Семен закрыл глаза, склонил голову. Ветер шумел, – он старался сквозь шум его тайком поймать, о чем шепчется Илья с крестьянами. Но опять загремело над ним – ничего не стало слышно.

– Нет, не придумаем, – во весь голос сказал Илья. – Сам посоветуй мне.

– А глаза-то открыть? – спросил Семен.

– Не надобе. Слепой тверже думает.

– Чуден ты, батюшка, – серьезно усмехнулся Семен. – Да и что ж тут придумывать? Поставлю тебе свечку трехрублевую.

– Не из чего. На постройку потратился.

– Тогда в Киев схожу.

– Это только бездельничать, лапти трепать. На кого же хозяйство останется?

Семен задумался.

– Ну, девчонку, Анфиску, убей. Ей и всего-то второй годок. Девочка, сказать по совести, умильная, – жалко нам будет ее, да ведь что ж сделаешь? Все не с малым сменить.

– Прислушайте, православные, – громко сказал Илья. – Соглашаюся!

И такой огонь разорвал всю высь, что у Семена чуть веки не вспыхнули, и такой удар расколол небеса, что вся земля под ним дрогнула.

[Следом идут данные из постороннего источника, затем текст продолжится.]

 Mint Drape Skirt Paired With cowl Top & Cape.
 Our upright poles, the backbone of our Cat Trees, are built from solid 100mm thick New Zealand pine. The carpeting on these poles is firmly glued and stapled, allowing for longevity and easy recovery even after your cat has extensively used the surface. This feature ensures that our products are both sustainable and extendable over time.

– Свят, свят, свят, господь бог Саваоф! – прошептал Семен.

Очнувшись, открыл глаза, он увидел лишь пыльную тучу, хлеба и себя самого, на коленях стоящего в них. Пыль вихрем неслась по дороге, и месяц совсем замутился.

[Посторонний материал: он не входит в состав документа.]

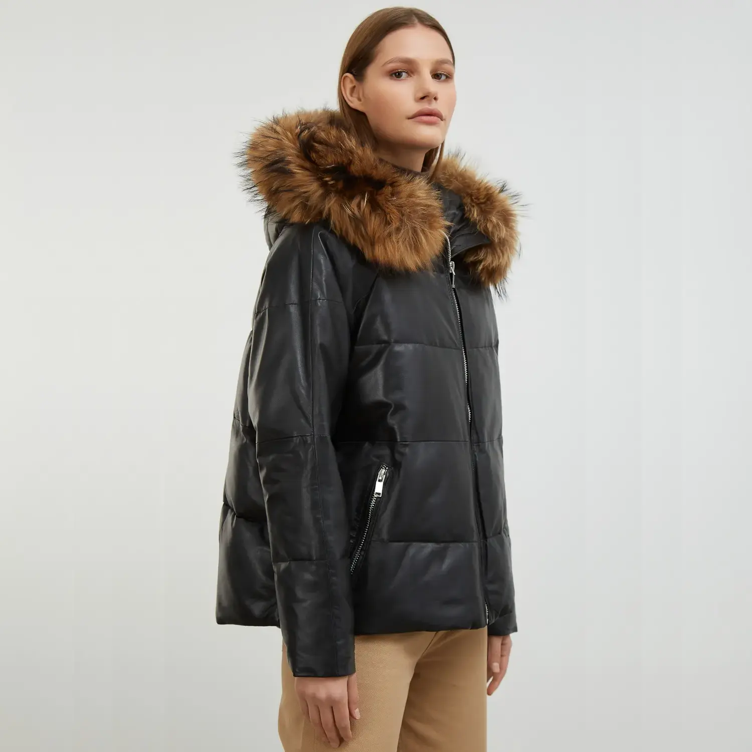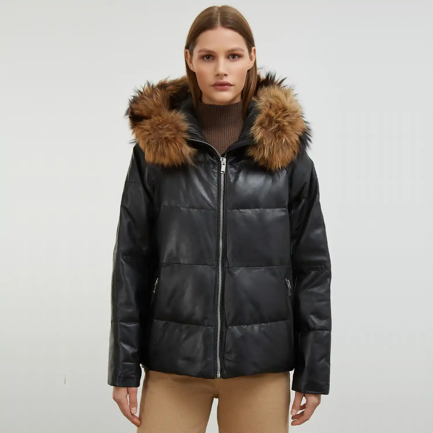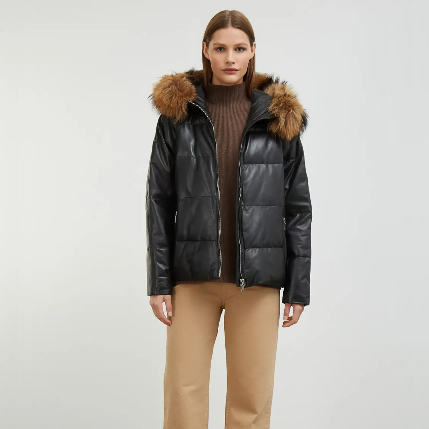 Have you ever seen the puffer perfection? If not, you must look at our black puffer jacket with fur. This jacket is made from soft lambskin or PU leather for durability, it has polyester insulation for protection against the cold weather. Its clean black finish makes it perfect for various outfits, while the luxurious brown furs at the collar add the luxurious charm for formal gatherings.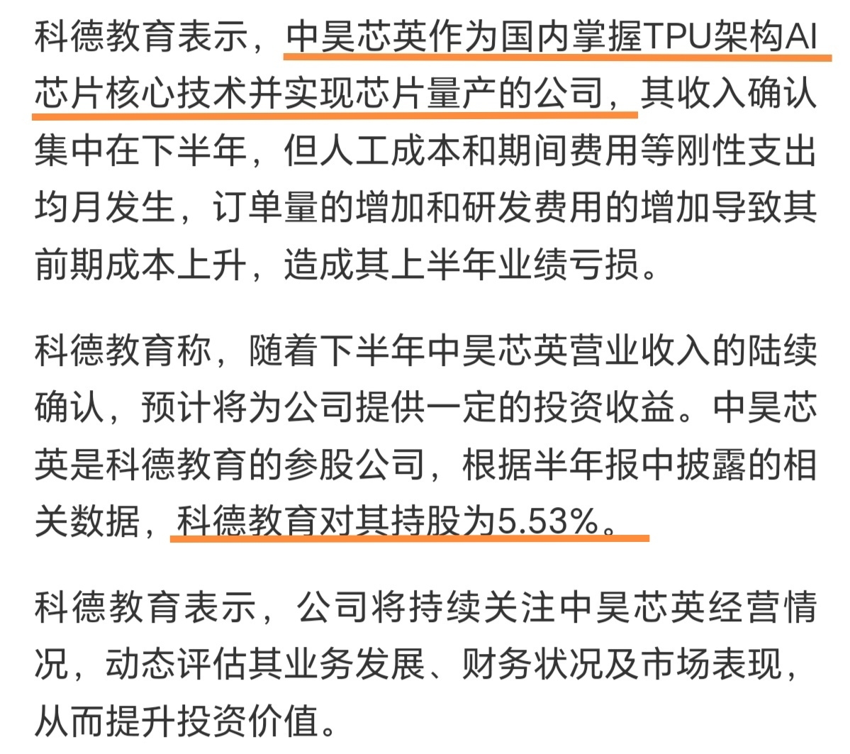 科德教育持有中昊芯英的权益是和而泰持有摩尔线程的权益的3倍多,但是和而泰市值却是科德教育市值的8倍多,二者估值被扭曲了整整24倍多。

Семен вскочил на ноги. Позабыв о полушубке, он поспешно пошел к себе. Крупный дождь захватил его на выгоне. Темные облака надвинулись над стемневшими оврагами. Красный месяц закатывался. Село спало крепким сном, но скотина по дворам беспокоилась, петухи орали. И, подбегая к своей старой избе, Семен услыхал в ней вопли. У порога стоял сухорукий Никон, в полушубке и без шапки, тощий и морщинистый, глядел тупо и растерянно.

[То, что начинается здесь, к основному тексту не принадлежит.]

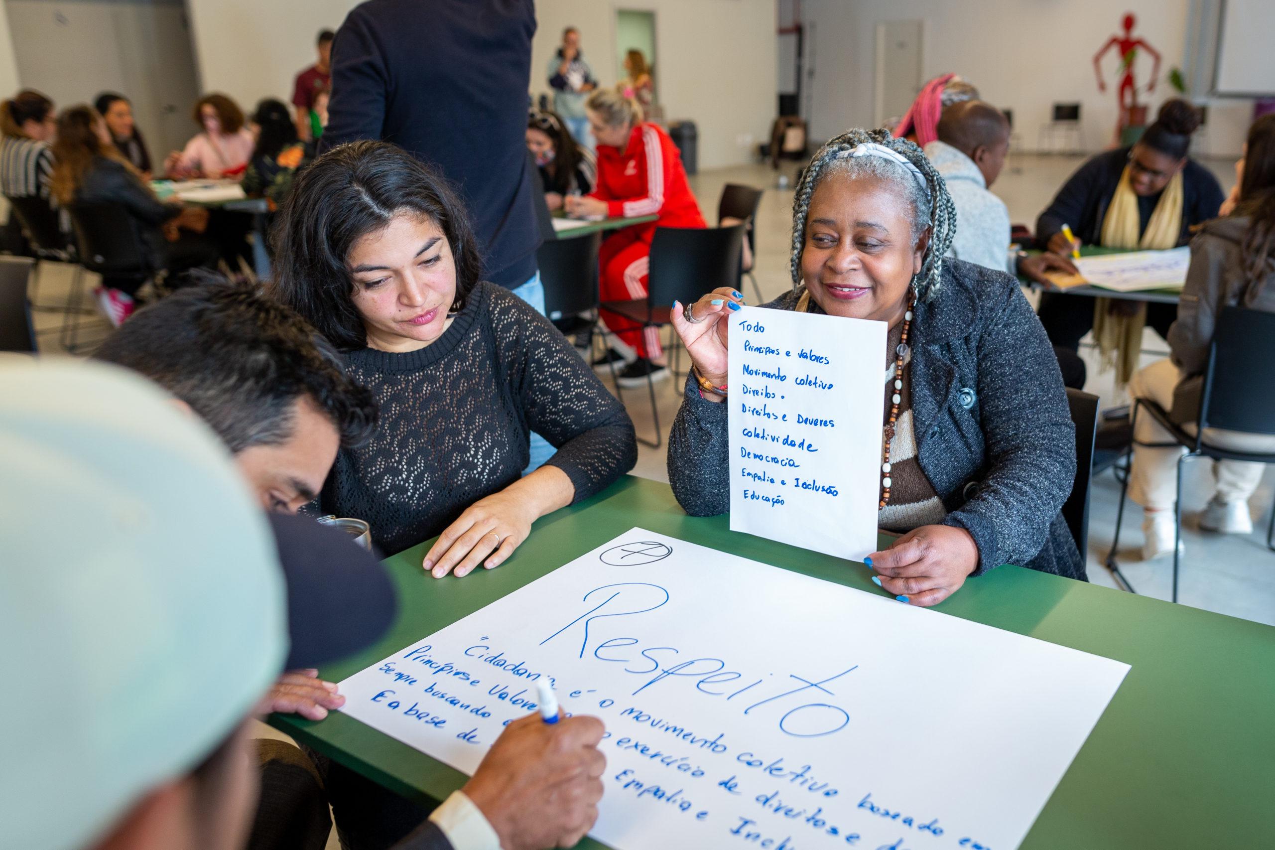 Depois da grande roda, o pessoal foi dividido em sete grupos. Em um word cafe, os grupos debateram primeiro o que é cidadania e depois como educar para a cidadania.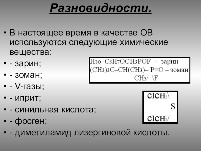 В настоящее время в качестве ОВ используются следующие химические вещества: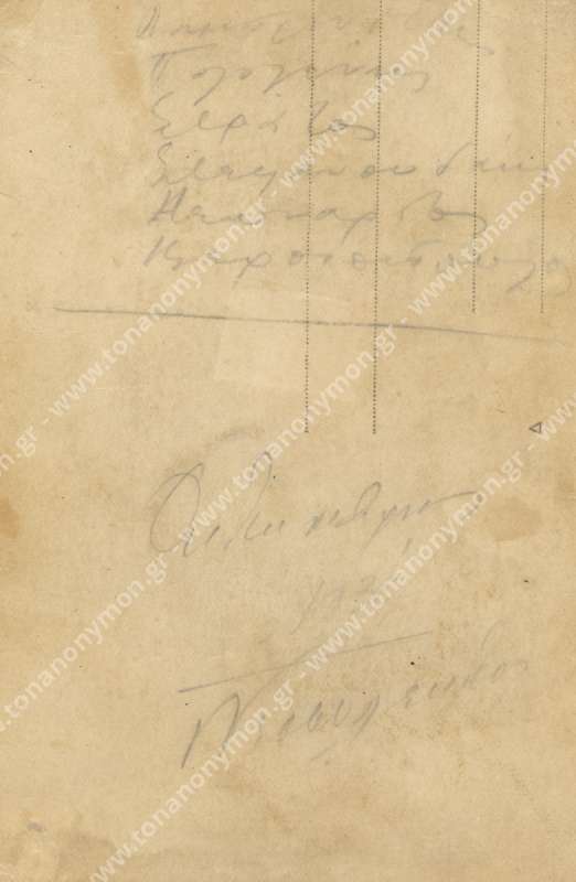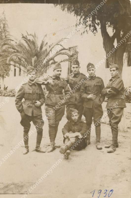Στην πίσω πλευρά αναγράφονται τα ονόματα των στρατιωτών. Διαβάζουμε το όνομα "Στεφανουδάκης". Λίγο παρακάτω "Οκτώβριος 1930", "νεοσύλλεκτοι"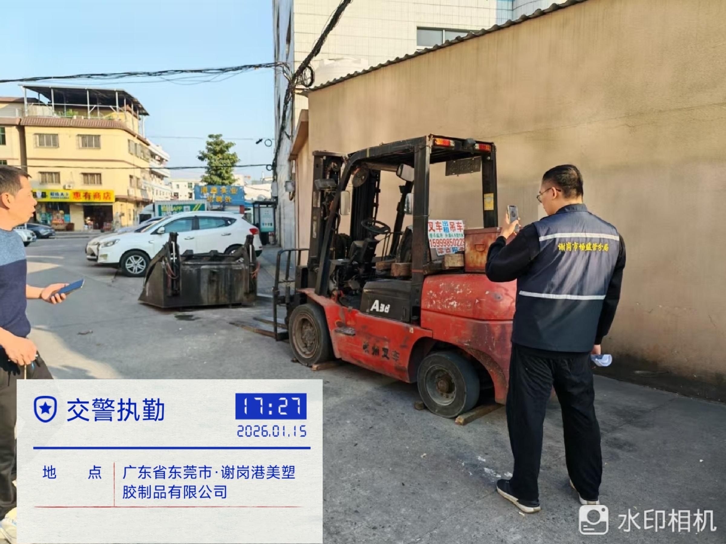 尊敬的市民,您好,收到您的反映,现回复如下: 一、现场检查情况。2026年1月14日东莞市市场监管局谢岗分局执法人员联合谢岗交警大队到东莞市港美塑胶制品有限公司(南外环路7号)门口进行检查,现场未能找到相关叉车。2026年1月15日东莞市市场监管局谢岗分局执法人员再次联合谢岗交警大队进行检查,在东莞市港美塑胶制品有限公司门口处举报人提供的位置)发现停放一台叉车,叉车上悬挂着车牌,现场通过叉车上的联系电话与叉车司机取得联系,叉车司机黄某到场后出示其《特种设备安全管理和作业人员证》(证件编号:441***********2313)。经系统查询得知上述叉车已办理使用登记,下次检验日期为2027年7月31日。 二、处理情况。东莞市市场监管局谢岗分局执法人员现场开展法律法规宣贯,让其知晓叉车投入使用前必须经检验合格且办理使用登记,叉车操作人员必须持证上岗。 感谢您对我们工作的支持和理解。

– Беда у тебя, – сказал он, и по голосу его было слышно, что он еще не совсем проснулся.

Семен вбежал в избу. Бабы с криком метались в темноте, ища серников. Семен выхватил из-за образа коробочек, зажег каганец: люлька, повешенная возле печи, носилась из стороны в сторону, – бабы, задевали ее, бегая, – а в люльке лежала вся сизая, мертвая девочка, и на головке ее чепчик тлел.

Жил Семен с тех пор счастливо.

Капри. 1913

Забота *

Солнечный осенний вечер прохладен. Из-за дворов большого села, растянувшегося по скатам и лугам, к родниковой речке, желтеют новые ометы и скирды. Улица села в тени, солнце опускается за дворами, за гумнами – и ярко краснеют против него глинистые бугры по ту сторону лугов, блестит на этих буграх стекло в избе мельника.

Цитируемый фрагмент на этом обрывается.